• _Source data_
◇ ◇ ◇ ◇ ◇
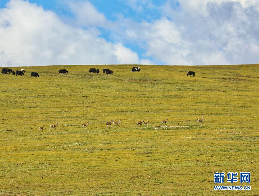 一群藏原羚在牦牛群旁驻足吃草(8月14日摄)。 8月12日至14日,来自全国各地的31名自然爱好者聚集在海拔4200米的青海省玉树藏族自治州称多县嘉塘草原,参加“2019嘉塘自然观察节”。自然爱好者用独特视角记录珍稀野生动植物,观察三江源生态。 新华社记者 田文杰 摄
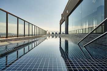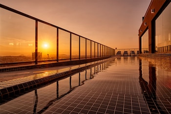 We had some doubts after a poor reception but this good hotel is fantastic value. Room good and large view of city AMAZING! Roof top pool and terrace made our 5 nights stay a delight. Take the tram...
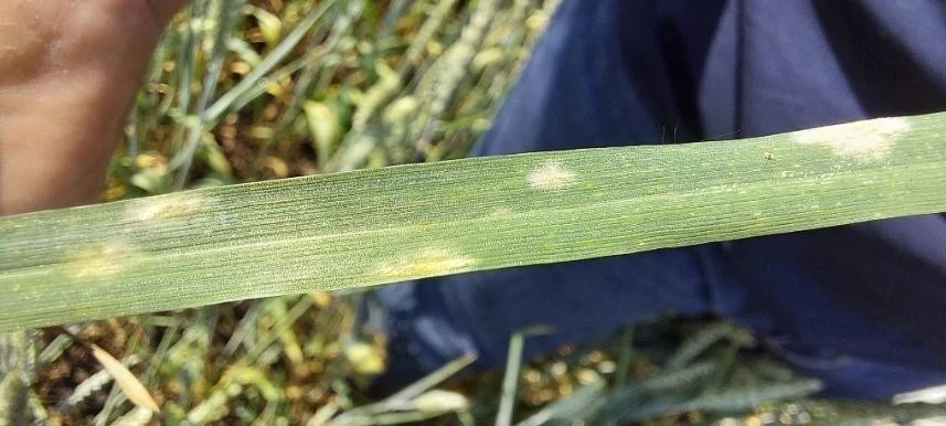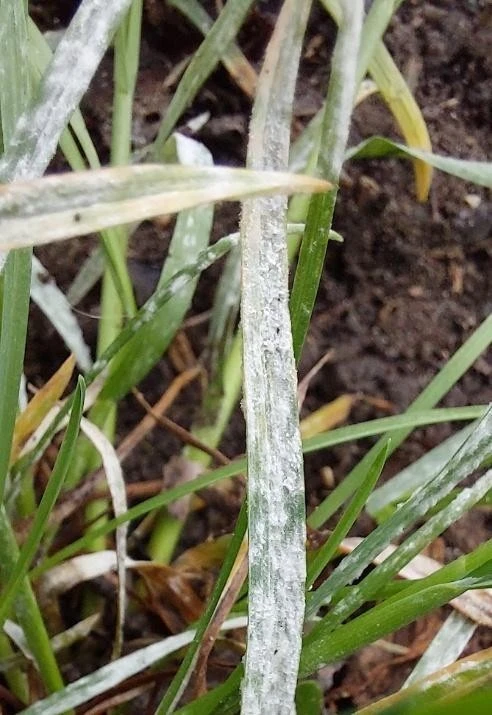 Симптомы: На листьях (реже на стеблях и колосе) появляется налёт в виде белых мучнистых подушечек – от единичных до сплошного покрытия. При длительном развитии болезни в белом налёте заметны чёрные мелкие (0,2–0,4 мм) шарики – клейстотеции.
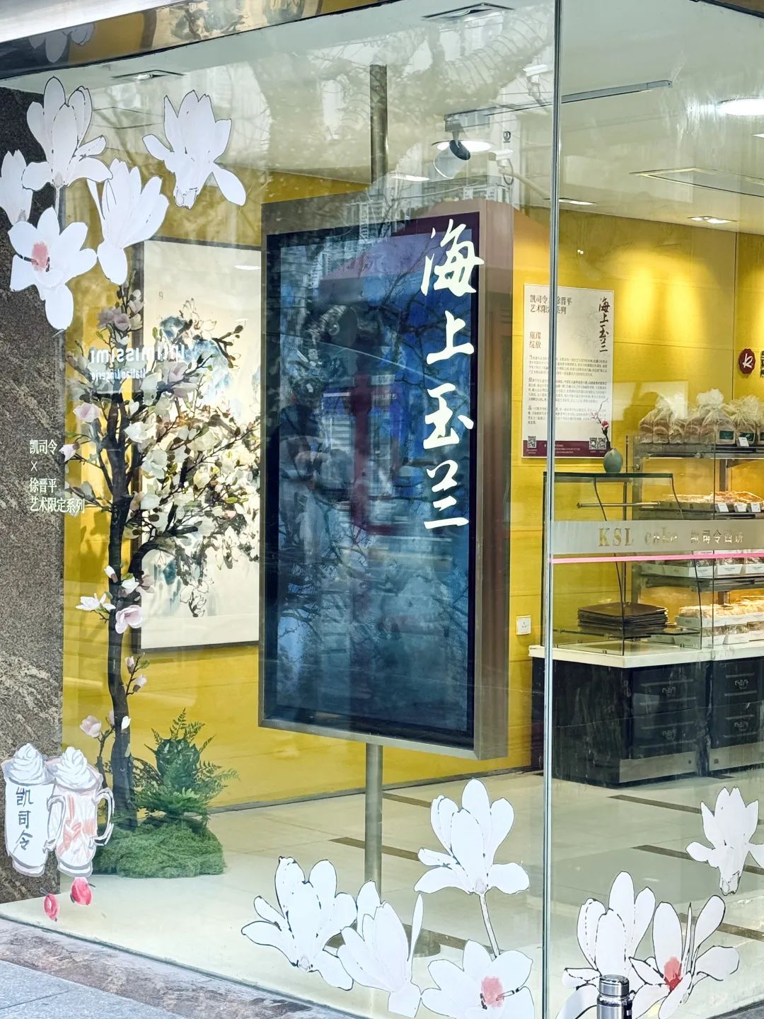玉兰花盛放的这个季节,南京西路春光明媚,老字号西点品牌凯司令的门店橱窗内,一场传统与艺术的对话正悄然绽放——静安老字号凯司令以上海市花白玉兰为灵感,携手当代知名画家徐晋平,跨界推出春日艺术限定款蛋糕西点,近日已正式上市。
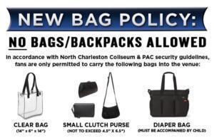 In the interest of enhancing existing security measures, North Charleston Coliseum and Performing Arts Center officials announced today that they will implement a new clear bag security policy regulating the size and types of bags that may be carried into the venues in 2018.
◇ ◇ ◇ ◇ ◇
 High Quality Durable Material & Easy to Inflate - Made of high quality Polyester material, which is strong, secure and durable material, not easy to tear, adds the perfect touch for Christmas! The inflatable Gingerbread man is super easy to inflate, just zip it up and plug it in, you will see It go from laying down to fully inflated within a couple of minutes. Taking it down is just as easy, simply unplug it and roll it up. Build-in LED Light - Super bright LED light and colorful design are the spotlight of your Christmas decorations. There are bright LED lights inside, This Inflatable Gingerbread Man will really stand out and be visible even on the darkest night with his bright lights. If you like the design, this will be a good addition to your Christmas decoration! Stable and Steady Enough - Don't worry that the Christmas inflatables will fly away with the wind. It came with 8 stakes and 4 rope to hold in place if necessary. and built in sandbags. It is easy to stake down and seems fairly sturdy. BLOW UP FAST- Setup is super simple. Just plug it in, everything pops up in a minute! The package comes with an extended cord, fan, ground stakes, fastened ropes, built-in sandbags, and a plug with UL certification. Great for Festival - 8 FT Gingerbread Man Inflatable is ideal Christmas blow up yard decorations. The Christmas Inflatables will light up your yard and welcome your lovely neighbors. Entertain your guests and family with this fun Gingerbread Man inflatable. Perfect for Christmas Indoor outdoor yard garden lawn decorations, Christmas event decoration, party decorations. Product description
◇ ◇ ◇ ◇ ◇
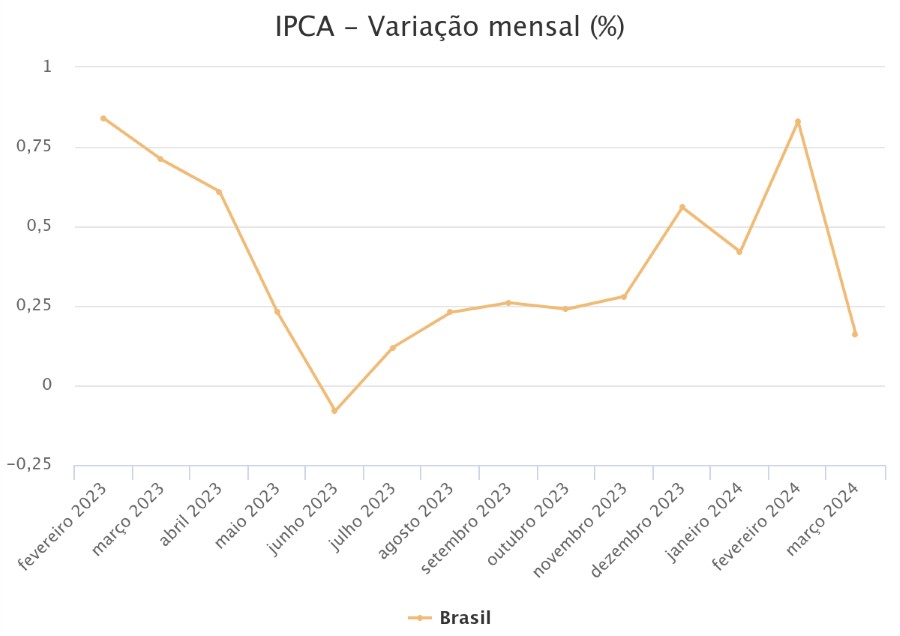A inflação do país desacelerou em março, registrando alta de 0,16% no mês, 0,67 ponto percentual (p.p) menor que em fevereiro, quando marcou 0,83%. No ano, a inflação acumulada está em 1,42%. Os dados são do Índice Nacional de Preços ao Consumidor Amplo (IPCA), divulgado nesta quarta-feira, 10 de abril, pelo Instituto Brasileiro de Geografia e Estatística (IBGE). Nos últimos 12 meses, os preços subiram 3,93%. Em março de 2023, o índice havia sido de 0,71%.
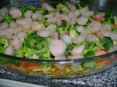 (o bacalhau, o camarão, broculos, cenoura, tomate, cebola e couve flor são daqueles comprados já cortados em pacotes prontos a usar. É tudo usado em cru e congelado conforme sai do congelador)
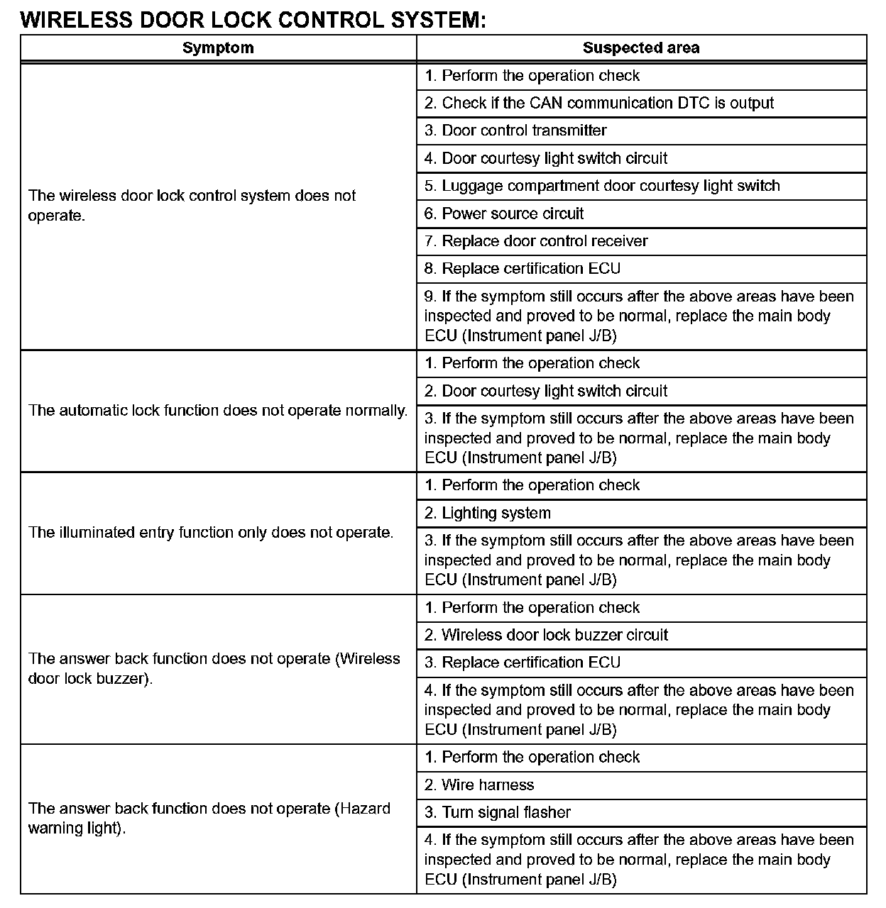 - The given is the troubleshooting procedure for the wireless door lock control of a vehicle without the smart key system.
◇ ◇ ◇ ◇ ◇
• _What the task requires_
What do the entries above read from the line containing "We had some" through the line containing "In the interest"? Output those lines exactly, both ends included, with the pictures left out.

• _Result of the exercise_
 We had some doubts after a poor reception but this good hotel is fantastic value. Room good and large view of city AMAZING! Roof top pool and terrace made our 5 nights stay a delight. Take the tram...
 Симптомы: На листьях (реже на стеблях и колосе) появляется налёт в виде белых мучнистых подушечек – от единичных до сплошного покрытия. При длительном развитии болезни в белом налёте заметны чёрные мелкие (0,2–0,4 мм) шарики – клейстотеции.
玉兰花盛放的这个季节,南京西路春光明媚,老字号西点品牌凯司令的门店橱窗内,一场传统与艺术的对话正悄然绽放——静安老字号凯司令以上海市花白玉兰为灵感,携手当代知名画家徐晋平,跨界推出春日艺术限定款蛋糕西点,近日已正式上市。
 In the interest of enhancing existing security measures, North Charleston Coliseum and Performing Arts Center officials announced today that they will implement a new clear bag security policy regulating the size and types of bags that may be carried into the venues in 2018.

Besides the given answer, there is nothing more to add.